Why We Invested:
Saverlife
What is Saverlife?
SaverLife.org is a nonprofit organization that helps low-to-moderate-income individuals and families build financial security through savings. SaverLife is a technology platform / app with nearly 600,000 active users. The target user is people living with low-incomes seeking to improve their financial health. SaverLife helps Americans find support, resources, advice, incentives, and rewards to help them begin to save more. At the same time, SaverLife listens to members—through personal stories, research, and financial data—to better understand the systemic challenges they face and identify participant-informed solutions.
Why did the Goodman Family Foundation invest?

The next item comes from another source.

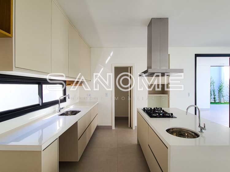 4 suítes (suíte máster com closet, hidromassagem e varanda com vista), Sala 2 ambientes, Escritório, Lavabo, Cozinha com despensa, Área de serviço, Área gourmet com churrasqueira, Banheiro externo com chuveiro, Piscina de alvenaria com SPA integrado (preparada para aquecimento) e Quintal com gramado.
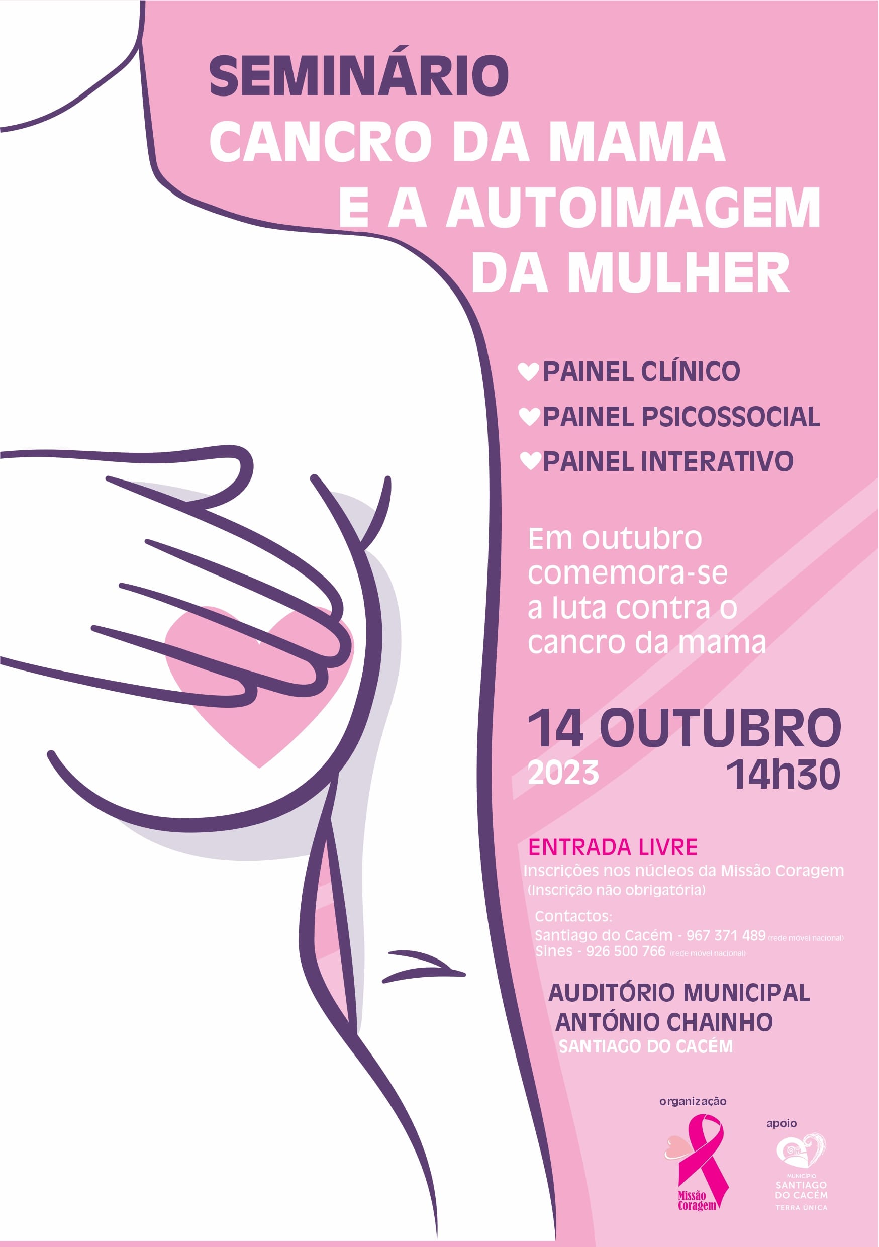 Realiza-se no dia 14 de outubro, às 14h30, no Auditório Municipal António Chainho, em Santiago do Cacém, um seminário sobre o Cancro da Mama e a Autoimagem da Mulher, com entrada livre, com organização da Missão Coragem e apoio da Câmara Municipal de Santiago do Cacém.

The Goodman Family Foundation provided $600K in an unrestricted general operating support grant to Saverlife in 2024. We believe strongly in Saverlife’s underlying thesis: Wealth building starts with savings. When we begin to stash just a few dollars in a savings account regularly, we’re better prepared to survive a financial emergency, from a flat tire to a sudden loss of income. And once we have the cash saved to get through these kinds of disruptions without taking on debt, we can start to build wealth— the kind of wealth that enables us to get a better job, send our kids to college, purchase a home, and plan for retirement.
SaverLife members, the majority of whom are women of color and parents, work hard yet struggle to get ahead due to insufficient and inconsistent incomes, high daily living costs, inadequate financial services, and high-cost consumer debt. Despite the availability of many well-meaning programs and services, the truth remains that financial products and systems are not inclusive of all and do not adequately serve people living with low-incomes in building long-term financial stability and wealth.
Opening up pathways to wealth requires both well-designed financial products to support individual action combined with strategic policy work to reduce systemic barriers. It is at this intersection—of the individual and the systemic—where SaverLife is achieving powerful change.
What impact are we hoping to achieve?
The overall impact goal is for Saverlife to achieve growth / scale. Specifically, with the philanthropic support of us and others, Saverlife plans to double its membership over the next three years to 1.2M members - growing on average by 200K members per year, a 141% increase from their historical average yearly growth—and develop the pathway to sustain this growth momentum for years beyond. To achieve this growth, Saverlife’s team will:
Continuously improve the SaverLife product to provide a member experience that is personalized to a member’s motivations and goals, and furthers Saverlife’s members ability to achieve financial health.
Lower member acquisition costs from $8 to $3, compared to industry standard of $10-$20.
Develop an affiliate revenue model to provide more flexible revenue streams to cover the costs to scale, while providing members with trusted products and services.
Deepen Saverlife’s ability to produce high-quality and reputable research and identify member-informed policy priorities to drive systemic change.
Launch targeted regional and demographic campaigns to serve specific audiences and deepen Saverlife’s understanding of different state and regional policies and policies that impact specific demographic groups, giving us the ability to compare systemic conditions across communities and identify interventions.
Saverlife’s sustainability plan recognizes their strength as a nonprofit to leverage the role of philanthropy, while focusing on building earned revenue strategies that empower us to scale sustainably. They will expand the revenue and financial model of SaverLife, creating clear growth pathways through affiliate fees and revenue strategies that leverage our research capabilities. This revenue strategy will both provide SaverLife the confidence to accelerate our growth while engaging philanthropy for its highest use - innovation, place-based and demographic work, and systems change.